### Exercise instructions
Copy each line of the records exactly, stopping only after the line that contains "Gdańsk. Piotr Grzelak, Zastępca" has been written, and leave pictures out.

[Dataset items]
****************
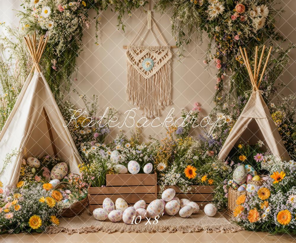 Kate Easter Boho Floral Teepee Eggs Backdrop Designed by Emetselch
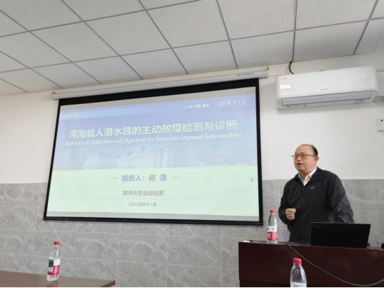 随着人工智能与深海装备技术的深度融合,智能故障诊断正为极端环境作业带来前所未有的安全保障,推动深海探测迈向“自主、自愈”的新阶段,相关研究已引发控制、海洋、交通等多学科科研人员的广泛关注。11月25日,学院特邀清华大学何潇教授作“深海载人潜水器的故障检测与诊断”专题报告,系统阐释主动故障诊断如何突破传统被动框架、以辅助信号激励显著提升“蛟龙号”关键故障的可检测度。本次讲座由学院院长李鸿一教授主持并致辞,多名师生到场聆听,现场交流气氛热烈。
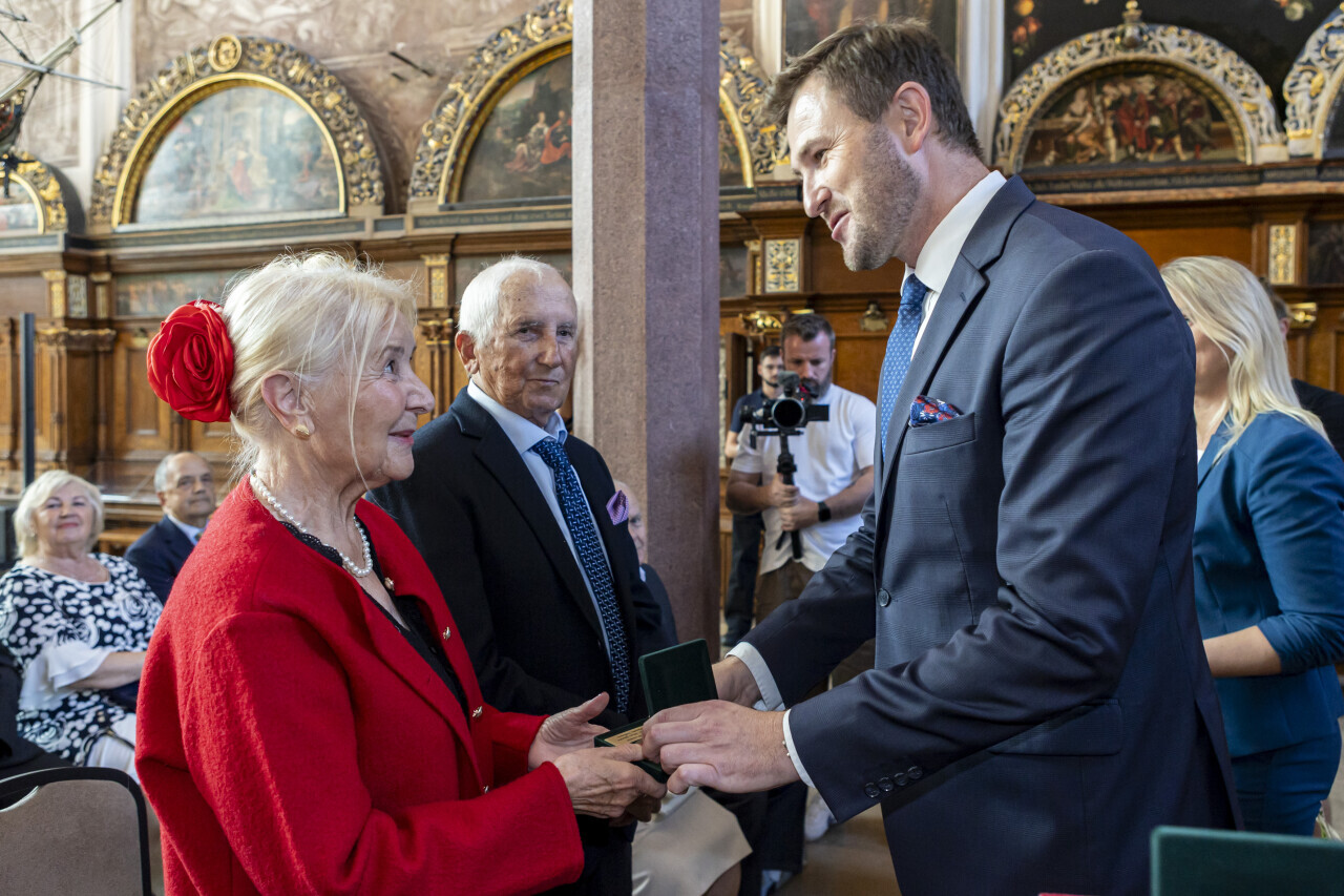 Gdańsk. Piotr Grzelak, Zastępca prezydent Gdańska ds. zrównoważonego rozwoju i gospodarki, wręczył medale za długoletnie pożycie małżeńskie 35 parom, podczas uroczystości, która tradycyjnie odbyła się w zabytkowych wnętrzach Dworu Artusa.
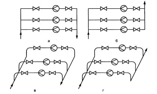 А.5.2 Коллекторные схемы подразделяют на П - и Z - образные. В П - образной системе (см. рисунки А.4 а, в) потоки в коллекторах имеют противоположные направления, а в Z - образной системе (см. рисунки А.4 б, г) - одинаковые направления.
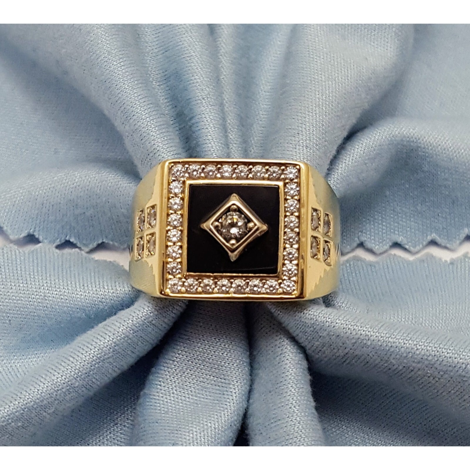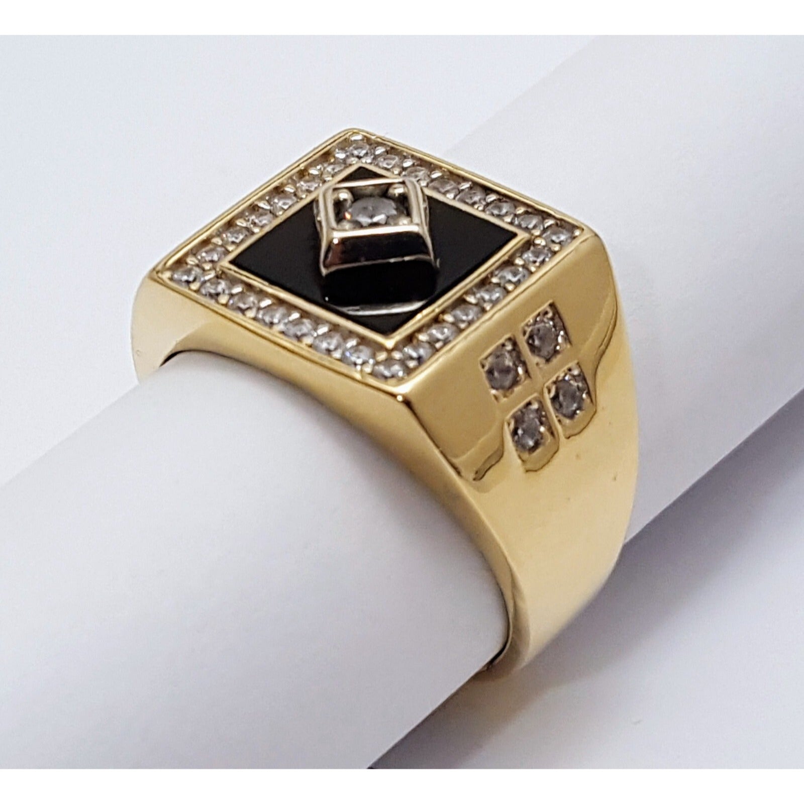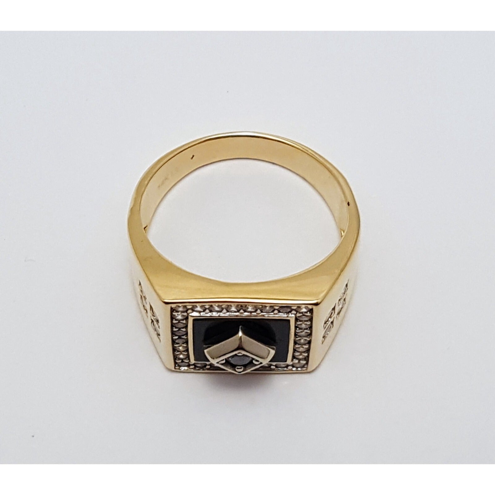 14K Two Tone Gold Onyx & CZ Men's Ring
****************
### Reply
 Kate Easter Boho Floral Teepee Eggs Backdrop Designed by Emetselch
 随着人工智能与深海装备技术的深度融合,智能故障诊断正为极端环境作业带来前所未有的安全保障,推动深海探测迈向“自主、自愈”的新阶段,相关研究已引发控制、海洋、交通等多学科科研人员的广泛关注。11月25日,学院特邀清华大学何潇教授作“深海载人潜水器的故障检测与诊断”专题报告,系统阐释主动故障诊断如何突破传统被动框架、以辅助信号激励显著提升“蛟龙号”关键故障的可检测度。本次讲座由学院院长李鸿一教授主持并致辞,多名师生到场聆听,现场交流气氛热烈。
 Gdańsk. Piotr Grzelak, Zastępca prezydent Gdańska ds. zrównoważonego rozwoju i gospodarki, wręczył medale za długoletnie pożycie małżeńskie 35 parom, podczas uroczystości, która tradycyjnie odbyła się w zabytkowych wnętrzach Dworu Artusa.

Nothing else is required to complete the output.